Sameer Chougaonkar | Updated on: 13 February 2017, 6:40 IST

Nearly halfway through the Bihar election, the NDA has toned down attacks on Lalu Prasad. No longer do they remind voters every chance they get that the RJD chief will bring back 'Jungle Raj'.

This is surprising given the BJP's guns were primarily trained at him. It did not target Nitish Kumar with the same zeal since that would inevitability have brought up the party's own record as part of his government.

So, what effected this change?

Lalu, the NDA has realised, is the biggest obstacle in its path to power, say political analysts. And going after him could backfire. Here's why:

1) Muslims are coming back to Lalu

Muslims are 16.9% of Bihar's population, as per the 2011 census, and make up over 20% of the population in at least 40 assembly segments, where they hold the key to victory.

These constituencies are spread across seven districts - Katihar (42.5% Muslim population), Purnia (36.7%), Araria (41.1%), Kishanganj (67.6%), Darbhanga (22.7%), Paschim Champaran (21.2%) and Sitamarhi (21.1%).

The Muslims loyally voted for Lalu ever since he took the political centre stage in the early 1990s until 2005.

Indeed, they were central, along with the Yadavs, to his formidable MY support base that won him three straight elections.

Lalu, along the Congress, won more than half the Muslim-dominated seats in 1990, 1995 and 2000 elections. In 2000, when he last won, Lalu got nearly 48% of the Muslim vote.

The community, however, grew disaffected with his rule and most deserted him in 2005. Ram Vilas Paswan decided to contest on his own, leading to a split in the Muslim vote. Lalu's share came down to 36%, while Paswan's LJP walked away with 15%.

In the 2014 Lok Sabha election, 64% of Muslim voters opted for Lalu; Nitish got 21%

As a result, the share of Lalu's Muslim-dominated seats was reduced to less than a third. More than half the seats went to the JD(U)-BJP combine, which went on to form the government.

In 2010, it got worse. Lalu garnered only 32% of the Muslim vote. Breaking up with the Congress had cost him dearly as the party took away 22%. This greatly contributed to the RJD ending up with a dismal tally of 22 seats.

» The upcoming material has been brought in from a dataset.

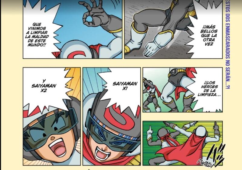 Precisamente el nombre del arco coincide con el de la reciente película de la franquicia, Super Héroe. Y muestra al par de jóvenes saiyajines luchando por la justicia con disfraces similares a los que usaba Gohan en el último arco de Dragon Ball Z.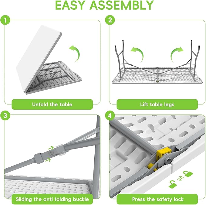 • Quality & Materials: This folding table 6 ft is made with high quality HDPE waterproof material, it has better durability and stability, the table legs are made of thickened steel pipes, can hold up to 300 pounds

Of late though, the Muslims have again reposed their faith in Lalu. In last year's parliamentary election, 64% of them voted for his party while the JD(U) had to contend with a meager 21% even after Nitish parted ways with the BJP.

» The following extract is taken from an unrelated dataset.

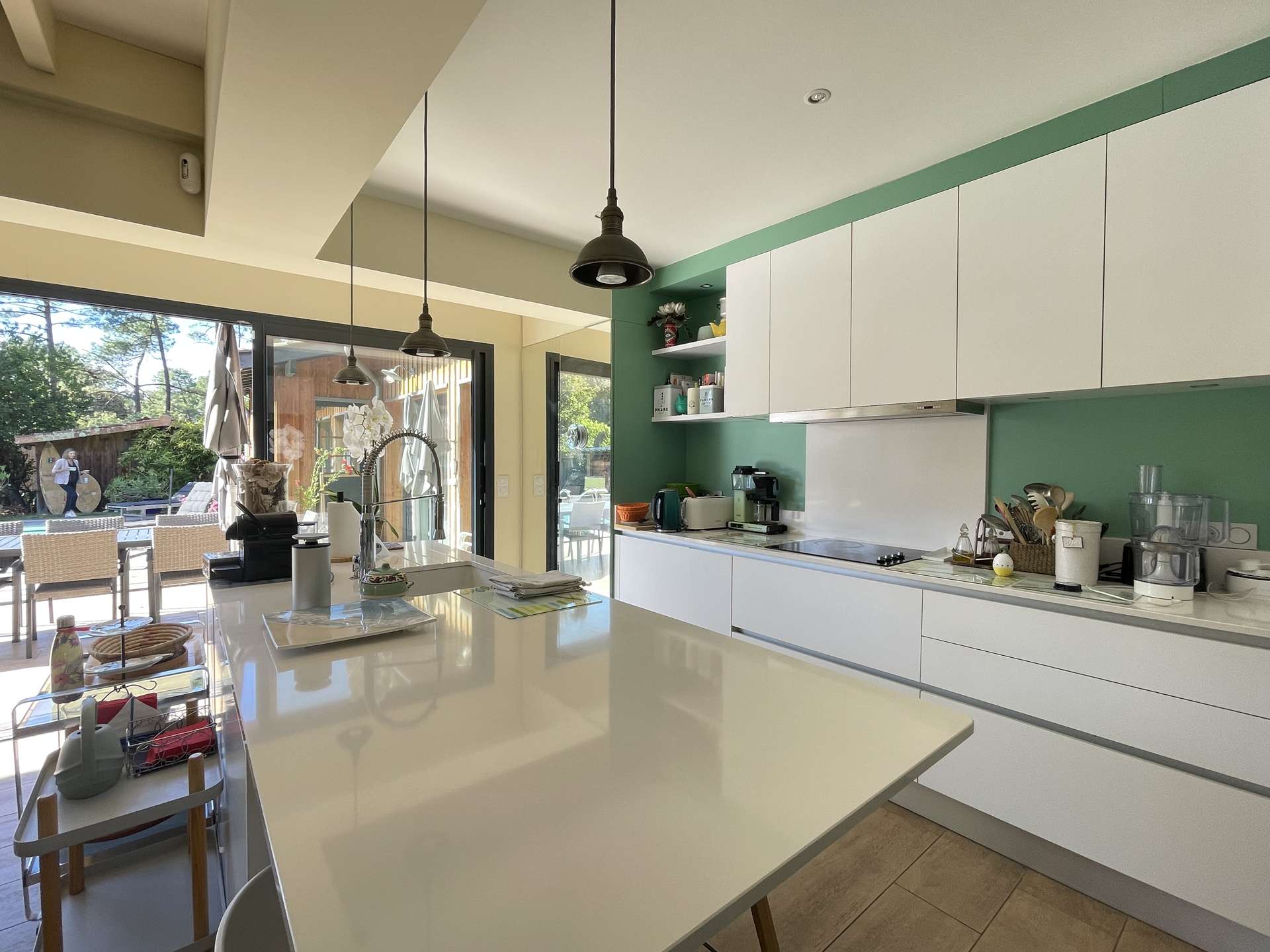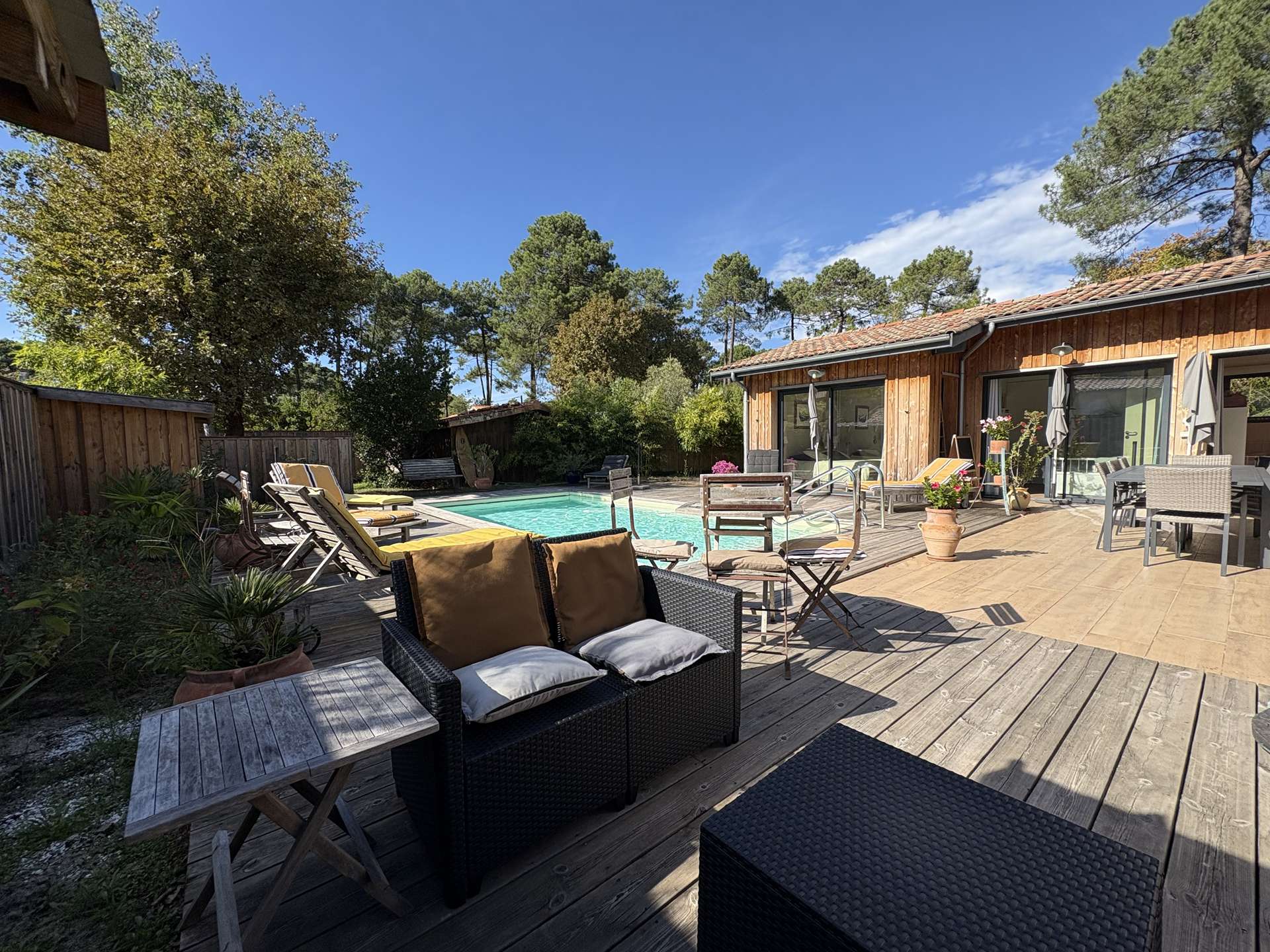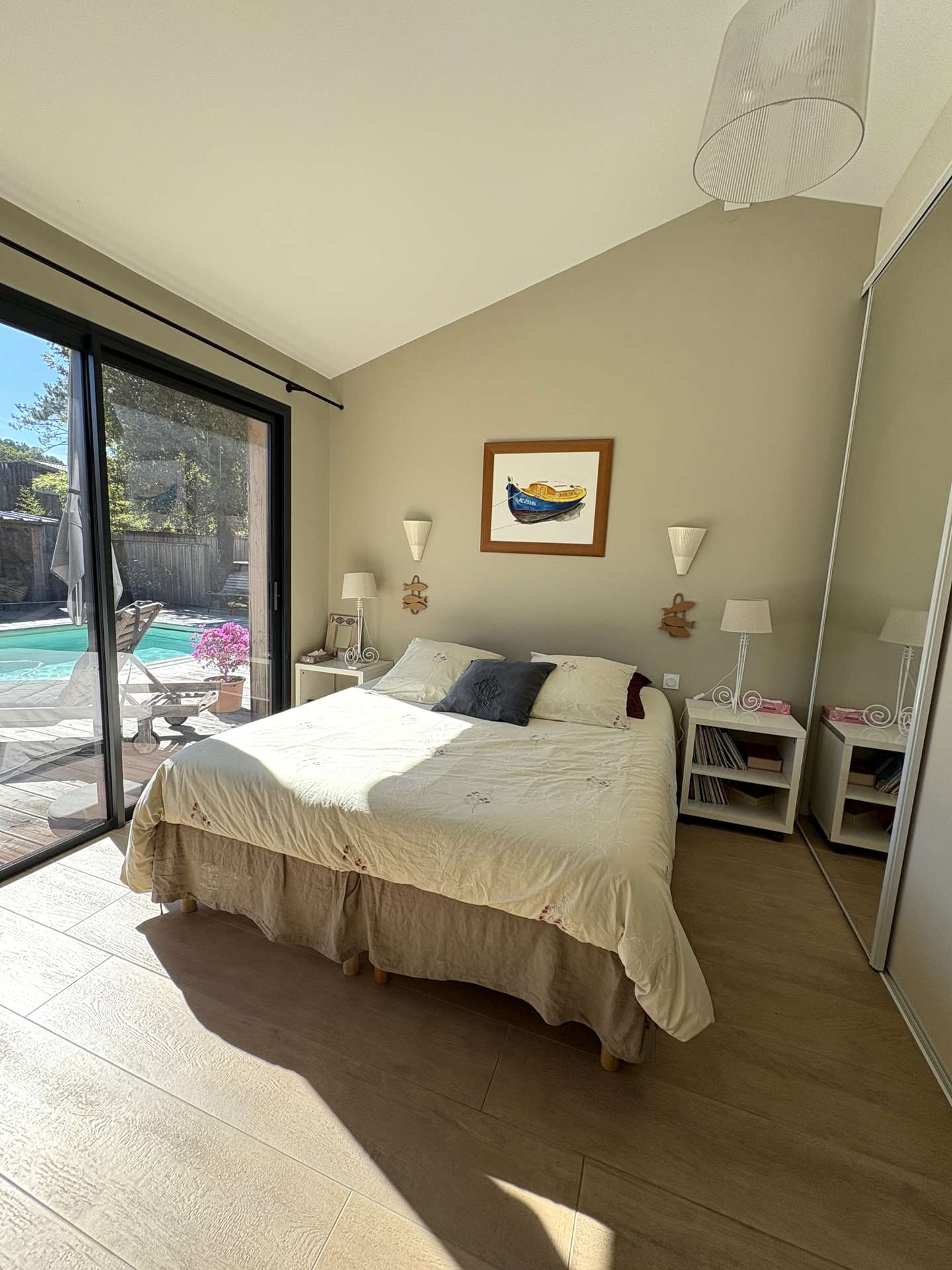 Le tout s’ouvre sur un magnifique jardin clos et paysager de 873 m², offrant une parfaite intimité et des aménagements extérieurs de qualité : salon de jardin, transats, parasol, plancha, douche extérieure… Chaque détail a été pensé pour offrir un cadre de vie privilégié, que ce soit pour des vacances reposantes ou après une journée d’activités sportives. Cette propriété rare conjugue avec justesse élégance, fonctionnalité et douceur de vivre, et représente une opportunité idéale pour des vacances réussies sur le Bassin d’Arcachon.

The polling pattern of the first two phases of this election seems to have reinforced the sense that a majority of the Muslims will go with Lalu, much to the NDA's discomfort.

The opposition was banking on a significant chunk of the Muslim vote going to Asaduddin Owaisi's AIMIM. If that doesn't happen, and the combined Muslim vote of the RJD and the JD(U) remains intact, the Grand Alliance would take most of the 40-odd seats.

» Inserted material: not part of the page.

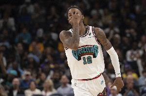 几天前,莫兰特朝勇士替补席比开枪手势,被联盟调查并警告,随后他在对阵热火的比赛中再次“开枪”庆祝。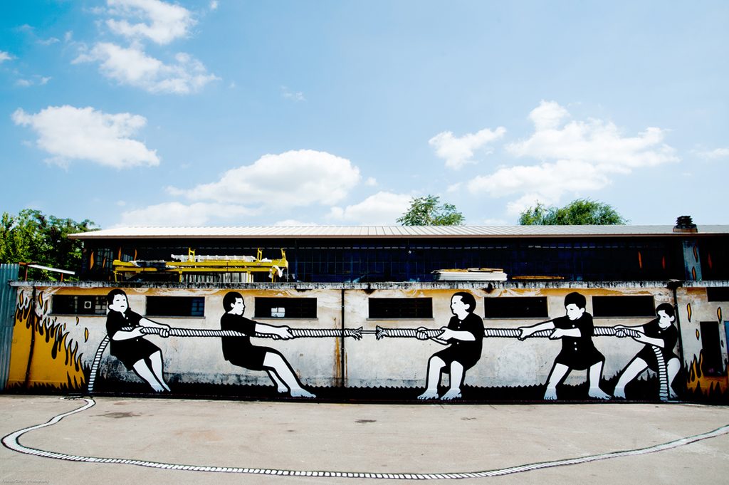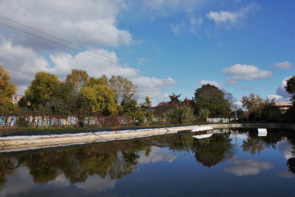 Infine nell’estate 2012, URBE si muove verso il confine tra Barriera di Milano e l’antico Scalo delle merci di Vanchiglia, dove ci sono praterie industriali abbandonate come l’antico mollificio vicino a un rifugio della Seconda Guerra Mondiale. Il bunker sotterraneo è immediatamente occupato per una perfomance di giochi di luce dell’artista Garu Garu. URBE incontra l’architetto Bruno Mastropietro, proprietario degli spazi e nasce Bunker, una delle esperienze più significative di socialità, arte ed enterteinment dal basso nella Torino degli anni 2010. Lo spazio è un piccolo villaggio con 1700 mq di grandi hangar; il principale è trasformato in un acquario dove nuotano squali e creature immaginifiche, diventerà la grande agorà e l’immagine copertina. Nelle prime notti suonano i dOP, il trio elettronico francese tra gli show più richiesti nei club e festival d’Europa di quelle estati, e i Ninos du Brasil, arrivano subito a colorarlo street artist da Brasile, Belgio, Germania, Olanda: Pixel Pancho disegna un grande gatto robot, Mattia Lullini colora le sue creature, MP5 immaginerà un tiro alla fune tra cinque persone alte come uno dei fabbricati. Intervengono agricoltori che coltivano una collina di orti dove crescono erbe, frutti e verdure post urbane. E sulla stessa collina, gli ingegneri, coordinati da Francesco Fossati (uno dei fondatori di URBE e della nuova associazione Variante Bunker, scomparso troppo presto a novembre 2019) progettano un lago e uno skylift, che diventano il primo wake park di una città d’Europa. “Il Bunker si ispira al modello dei community hub del Nord Europa, un’esperienza rara in Italia. L’esperimento, nato spontaneamente nella fabbrica di via Foggia, significa prendersi cura dello spazio, immaginandone il futuro valorizzando l’oggi, coinvolgendo le comunità metropolitane e dialogando con quelle di prossimità” racconta Giulia Marra, tra i fondatori di URBE-Rigenerazione Urbana, oggi dottoranda in Politiche Urbane al Politecnico di Milano.

2) His Yadav support is mostly intact

Yadavs, the other pillar of Lalu's winning formula, form around 14% of the state's population.

They are spread across the state, with each of the 243 constituencies home to 20,000-25,000 Yadav voters. Some estimates make them a deciding factor in as many as 110 seats, particularly in Seemanchal, Kosi, Bhagalpur, Chapra, Vaishali and Siwan.

Surveys by the Centre for the Study of Developing Societies show the RJD has mustered, on an average, 70% of the Yadav vote in all elections since 1995. In 2000, the party got 80% of this vote, only to do better in 2005 with 83%.

The Modi wave got the BJP 18% Yadav vote in 2014, but Lalu still got nearly 64% of their vote

In 2010, however, it came down to 69%. And in the 2014 Lok Sabha polls, a strong Modi wave ensured 18% of the Yadavs voted for the BJP. Lalu's loss, compared to 2010, though was marginal: he held on to nearly 64% of the vote.

This election, Lalu has gone out of his way to woo this core constituency. He has given 48 tickets from his quota of 101 to Yadavs. Calling for Mandal II and playing up RSS supremo Mohan Bhagwat's rant against reservations has further strengthened his cause.

3) Polling history is on his side

Lalu's charisma may have waned over the years, but election data of a quarter century suggests his rivals will write him off at their own peril.

In the 13 elections in Bihar since 1990, the RJD was the single largest party on 10 occasions in terms of vote share. The exceptions were the Lok Sabha polls in 2009 and 2014 and the state election in 2010.

While its best performance came in the 1991 assembly election, taking 41% of the vote, the party and its partners have consistently garnered votes in the 25-33% range.

In the most recent election in 2014, Lalu, along with the Congress, got 29% of the vote, just one per cent less than the BJP. In Muslim and Yadav dominated eastern parts of the state, the alliance, in fact, secured more votes than the NDA.

It is this fear of Muslim and Yadav consolidation in favour of the RJD that has the BJP worried.

It's only hope to counter this social engineering is to win over other backward classes. Whether the party can manage that is anybody's guess.